Thursday, 6 February 2014

Another dismal wet day, but at least the male Tawny Owl had come out again, and was in his usual place, a bit rain-spotted but perfectly comfortable.

There was a brisk Coot fight near the Italian Garden, in which at one time five birds were involved.

You never see what starts these fights. There are just some Coots swimming around, and the next moment mayhem breaks loose.

A Moorhen was searching for something edible among the floating leaves on the edge of the Serpentine.

Heaven knows what it found there, but Moorhens will eat absolutely anything.

A pair of Red Crested Pochards brought some much needed colour to the grey scene.

While I was at the owl tree, I met some people who wanted to see the owl, and lent them my binoculars. And one of them, called Jabir, told me a remarkable story. A few months ago he was in Wimbledon, and as he approached a bus shelter he saw a bird under it.
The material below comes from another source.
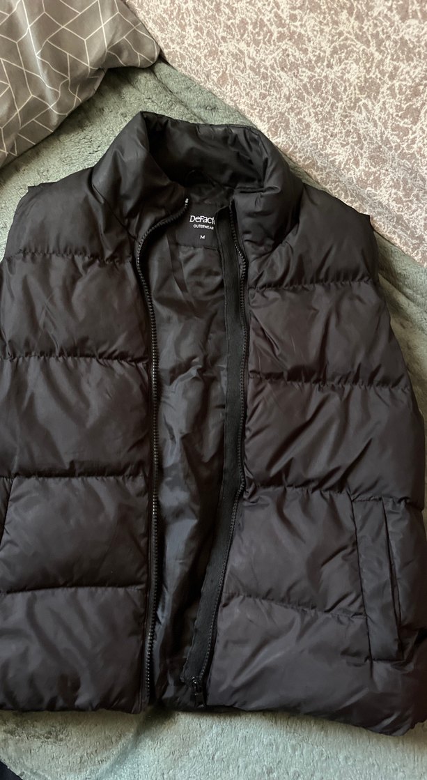 Fermuarlı önü ve kesimli yakasıyla siyah, kolsuz, fitted şişme yelek. Yumuşak ve sıcak kumaştan, rahat ve sokak tarzı için uygundur.
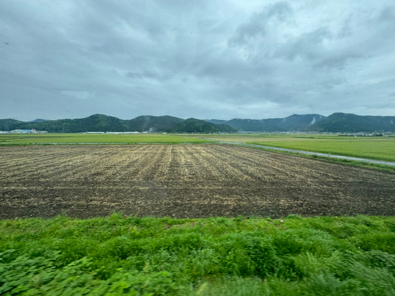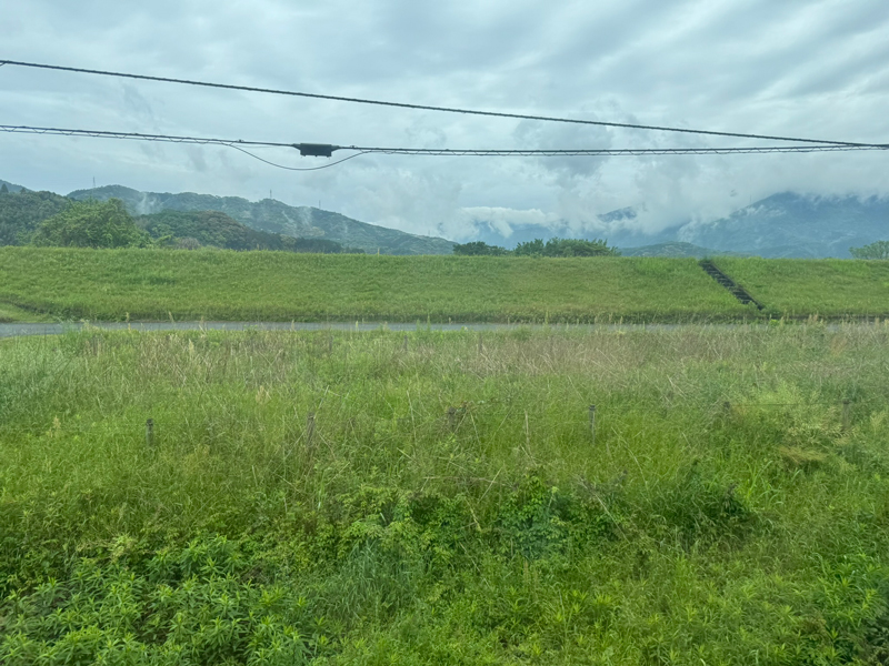 西予市の中心卯之町駅に停車。しばらく盆地の田園風景の中、直線の線路を爽快に進んで行きます。

At first he thought it was a Sparrowhawk. But in fact it was a falcon. And he took a video of it on his iPhone, from which this is a still.

You can see the whole video here.

It's hard to be sure from this angle what this typical grey falcon is. Compared with the bus shelter it doesn't look large enough to be a Peregrine, though of course male Peregrines are much smaller than females, and it might be one. My guess is that it's a Hobby -- the video was made before these had left for Africa.

It was injured, and unable to fly away. So he did exactly the right thing. He threw his coat over it and bundled it up so that it would not hurt itself further, and took it straight to the Blue Cross at Colliers Wood.
'I've got a bird of prey here,' he said.
'Whaa ...?'
'A bird of prey.'
'A bird of what?'
But when he unwrapped it, everything became clear. The falcon was not seriously injured, so they took it to London Wildcare at Beddington, where it was expected to make a full recovery and be released to get on with its life.


  1. A reassuring story about the rescue of the falcon and lovely study of the pair of Pochards. Hope you did not get too wet.

  2. Thanks -- I got absolutely saturated, but it was worth it.

  3. Well done Jabir for saving the bird of prey; bit alarming that they didn't know what that was at the vets'...

  4. Yellow eyes and long tail compared to the projection of the wings - definitely a sparrowhawk.

    1. No trace of white superciliar stripe in the rather blurred pictures. The bird sanctuary described it as a 'Kestrel', about the one common bird of prey it couldn't possibly be.

    2. I was thinking a male without much of a supercillium, such as the one pictured here ( which shows similar wing/tail proportions. You can see the yellow eyes in the video, which rules out a falcon.